Paper No. 6
Presentation Time: 2:35 PM


ZAPPITELLO, Sarah J., Zara Environmental LLC, 1707 W. FM 1626, Manchaca, TX 78652, COWAN, Brian, Zara Environmental, Manchaca, TX 78652 and HAUWERT, Nico M., Watershed Protection Department, City of Austin, Austin, TX 78767,

The subsurface drainage basin (SSDB) of a cave is the area on the surface where recharging water all flows to a cave. Accurately delineating the SSDB is important for protecting groundwater quality and cave ecosystems. Subsurface drainage is difficult to assess, because unlike surface drainage, it is hidden from sight. Extensive work has been done to measure the subsurface drainage basins of several caves in central Texas over the past decade (e.g. Hauwert and Cowan 2013, Gary et al. 2010, Zara 2008, Veni 2003). Typical SSDB delineations focus on cave mapping, taking into account interior features and information gathered from preparing a detailed map of cave morphology and structure. This is accomplished by surveying the precise geometry of the cave and sketching in the exact shape of the passages, including the locations of important features such as speleothems, fracture and/or fault orientations, hydrologic features in bedrock (scallops, fluting, rills, cupolas, domes, etc.), secondary mineral precipitants (stalagmites, stalactites, flowstone, etc.), lithologic properties, and type and orientation of surface karst features.
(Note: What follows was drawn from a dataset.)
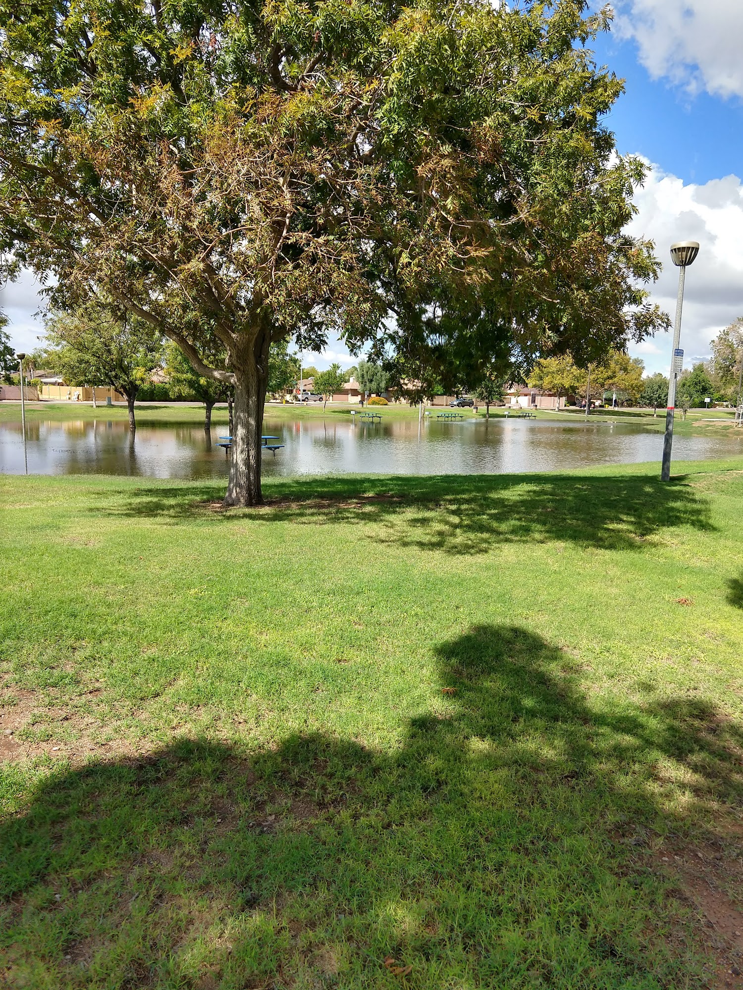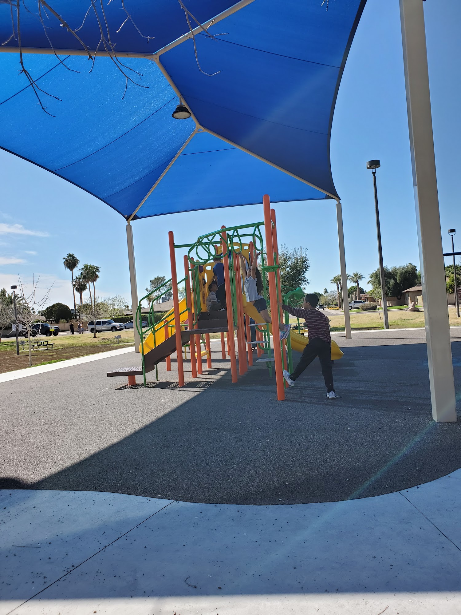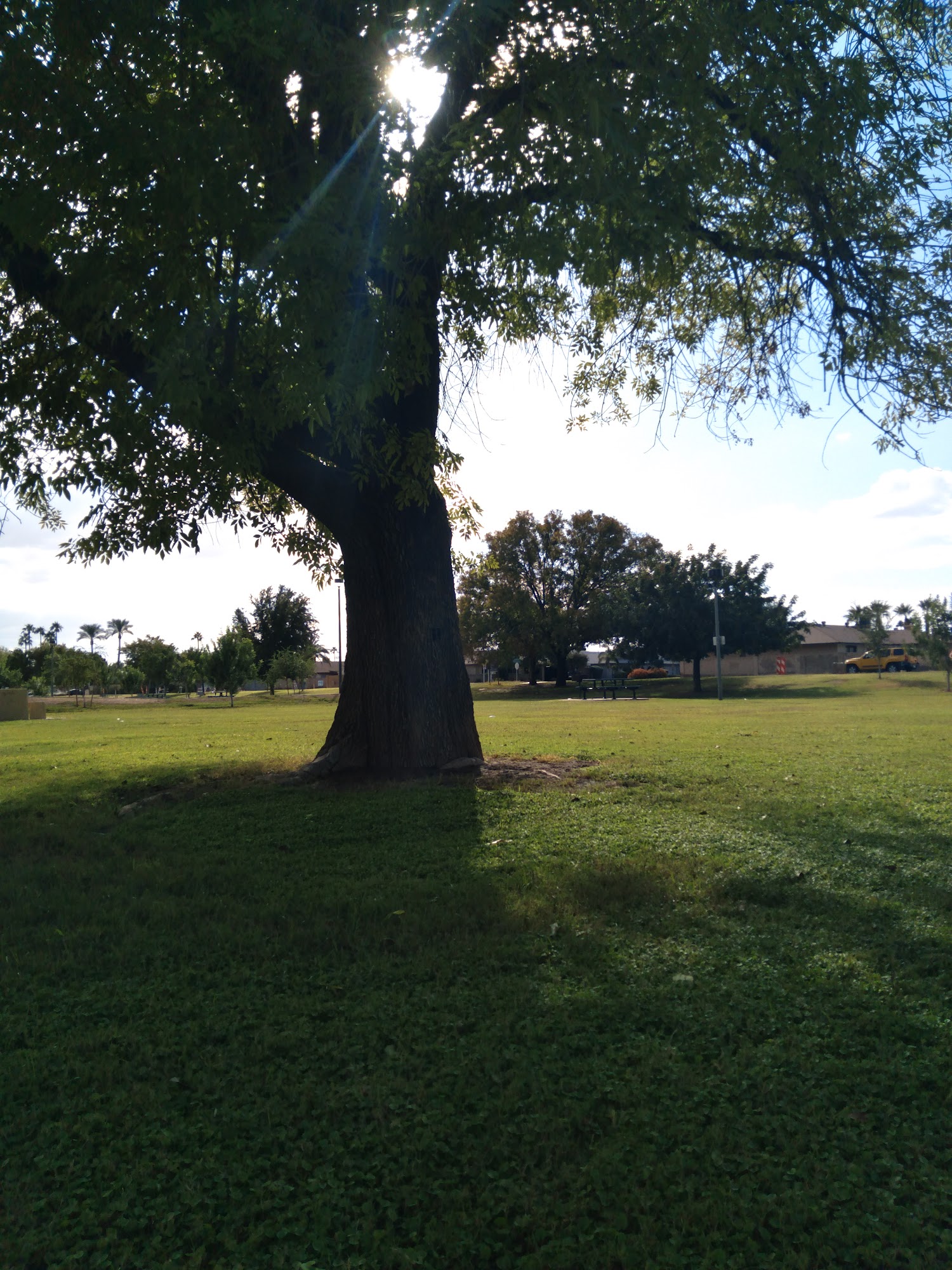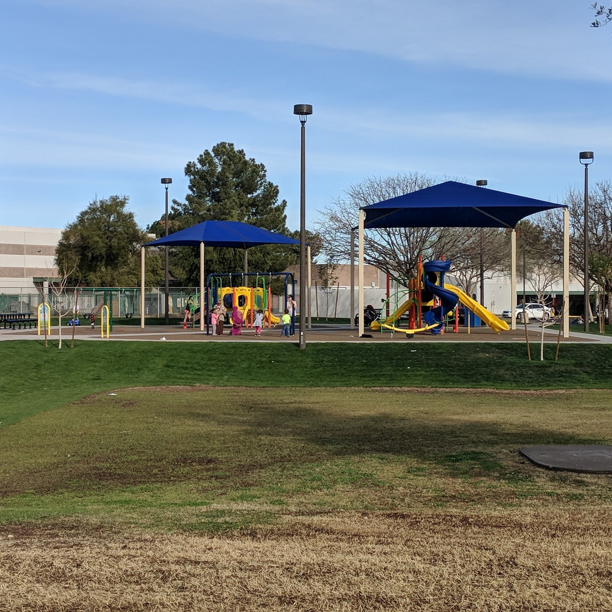 Great neighborhood park with lots of shade and tables with grills. No restroom, so plan accordingly.Playground: New playground a few years back, starting to show wear and tear as well as being vandalized.Picnic area: Several tables with shade structure and garbage/recycling.

To determine the radius of the SSDB, a multiplier is typically applied based on cave length and factors suggesting cave development in a particular direction (e.g. orientation along a fracture). The SSDB is further limited by topography, as recharge will not flow uphill to a cave and cannot cross drainage divides deeper than a cave. These methods allow for a good estimation of the SSDB; however, the SSDB can be further constrained by additional methods including: 1) measurement of driprate/flow in drips and streams, 2) characterizing the hydrostratigraphy of the units the cave is formed in and below, 3) comparison of water quality with potential sources, 4) vadose zone groundwater tracing, and 5) mapping of drip horizon elevations. The most accurate means of delineating a SSDB is determination of water sources via dye tracing and/or water chemistry comparison with potential sources. Although more time and resource intensive, tracing and chemical comparison can greatly constrain the SSDB of caves where a high degree of accuracy is required (e.g. caves near critical infrastructure or caves containing endangered species).